## The task
Lower down are entries containing pictures. Copy exactly, without those pictures, the lines from the line with "Trake, spojnice i natezači trake" through the line with "Orimoto - grāmatu".

## Information shown
Content starts

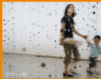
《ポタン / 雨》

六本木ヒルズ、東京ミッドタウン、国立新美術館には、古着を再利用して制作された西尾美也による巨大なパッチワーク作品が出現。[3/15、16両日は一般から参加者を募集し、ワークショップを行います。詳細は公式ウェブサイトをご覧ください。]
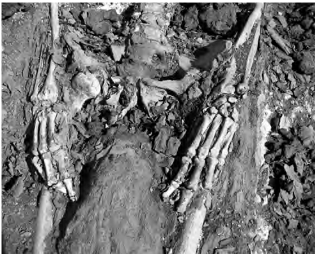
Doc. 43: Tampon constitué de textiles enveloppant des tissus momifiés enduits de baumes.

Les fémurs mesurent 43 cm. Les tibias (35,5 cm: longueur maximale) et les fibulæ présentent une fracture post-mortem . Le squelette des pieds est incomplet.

Content ends
Content starts

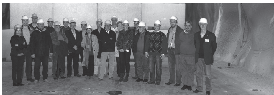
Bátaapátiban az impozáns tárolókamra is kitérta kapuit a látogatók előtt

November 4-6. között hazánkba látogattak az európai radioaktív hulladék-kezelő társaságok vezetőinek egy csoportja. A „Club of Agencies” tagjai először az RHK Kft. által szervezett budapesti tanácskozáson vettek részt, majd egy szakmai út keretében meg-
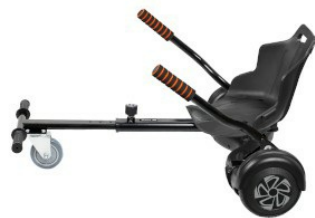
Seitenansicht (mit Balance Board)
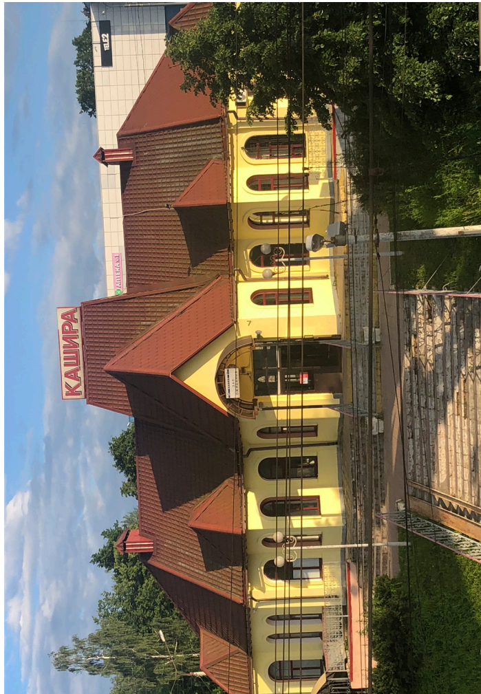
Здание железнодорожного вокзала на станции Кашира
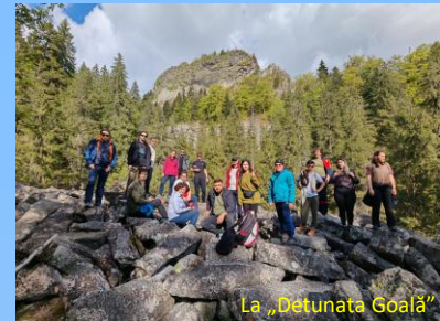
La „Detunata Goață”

Content ends
Content starts

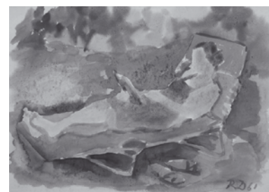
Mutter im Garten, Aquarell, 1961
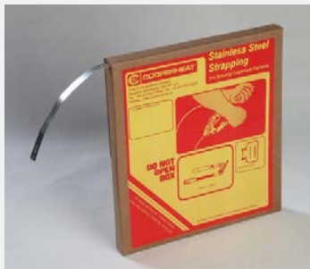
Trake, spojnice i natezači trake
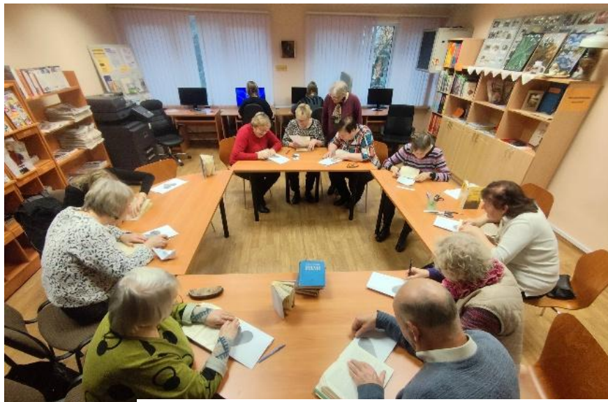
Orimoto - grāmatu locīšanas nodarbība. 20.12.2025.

Content ends

## Expected answer
Trake, spojnice i natezači trake
Orimoto - grāmatu locīšanas nodarbība. 20.12.2025.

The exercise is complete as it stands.